As titled, I want to prove (or disprove) $\log_{\cos(\frac{\pi}{n})} (\frac{1}{e})= \Theta(n^2)$. It seems to be true by plotting this function.
However, I do not know how to make use of the $\cos(\frac{\pi}{n})$ to show the function is indeed $O(n^2)$ and/or $\Omega(n^2)$.
On
You just need to apply logarithm properties.
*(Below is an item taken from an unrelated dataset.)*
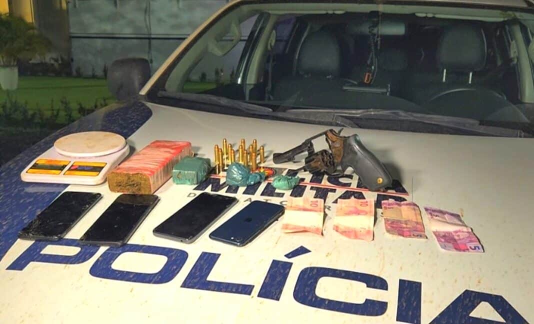 A equipe de Polícia Militar de Santa Carmem (35 km de Sinop) apreendeu um revólver e munições calibre 38, porções e tablete de maconha, dinheiro, quatro aparelhos celulares e uma balança de precisão. Uma mulher foi detida e encaminhada para prestar esclarecimentos.

Indeed $$ \log_{\cos(\pi/n)}\bigl(e^{-1}\bigr)=\frac{\ln\bigl(e^{-1}\bigr)}{\ln \cos(\pi/n)}=\frac{-1}{\ln \cos(\pi/n)}. $$ Now we can work out the asymptotic behavior as $n\to\infty$. We have $$ \cos\Bigl(\frac{\pi}{n}\Bigr)=1-\frac{\pi^2}{2n^2}+\frac{\pi^4}{24n^4} + O\Bigl(\frac{1}{n^6}\Bigr) $$ that yields \begin{align} \log_{\cos(\pi/n)}\bigl(e^{-1}\bigr) &= \frac{-1}{\ln\Bigl(1-\frac{\pi^2}{2n^2}+\frac{\pi^4}{24n^4} + O\bigl(\frac{1}{n^6}\bigr)\Bigr)} \\ &= \frac{-1}{-\frac{\pi^2}{2n^2}+\frac{\pi^4}{24n^4} - \frac{1}{2} \bigl(-\frac{\pi^2}{2n^2} + O\bigl(\frac{1}{n^4}\bigr)\bigr)^2+ O\bigl(\frac{1}{n^6}\bigr)} \\ &= \frac{-1}{-\frac{\pi^2}{2n^2}-\frac{\pi^4}{12n^4} + O\bigl(\frac{1}{n^6}\bigr)} \\ &= \frac{2n^2}{\pi^2}\frac{1}{1+\frac{\pi^2}{6n^2}+O\bigl(\frac{1}{n^4}\bigr)} \\ &=\frac{2n^2}{\pi^2}\Bigl[1-\frac{\pi^2}{6n^2}+O\Bigl(\frac{1}{n^4}\Bigr)\Bigr] \\ &=\frac{2n^2}{\pi^2}-\frac{1}{3}+O\Bigl(\frac{1}{n^2}\Bigr). \end{align}
By a change of base, $$\log_{\cos(\pi/n)}(1/e) = \frac{\ln(1/e)}{\ln\cos(\pi/n)} = - \frac{1}{\ln \cos (\pi/n)}.$$ Our goal is to show that there exist constants $0<a<b$ such that the following holds for all large $n$: $$an^2 \le - \frac{1}{\ln \cos(\pi/n)} \le bn^2.$$
The third-order Taylor polynomial of $f(x) = -\ln \cos x$ is $p_3(x) = \frac{x^2}{2}$, so for large $n$ we have $$\left|-\ln \cos(\pi/n) - \frac{\pi^2}{2n^2}\right| \le \frac{1}{n^3},$$ which yields $$\frac{\pi^2}{4n^2}\le \frac{\pi^2}{2n^2} - \frac{1}{n^3} \le -\ln \cos (\pi/n) \le \frac{\pi^2}{2n^2} + \frac{1}{n^3} \le \frac{\pi^2}{n^2}$$ for all sufficiently large $n$.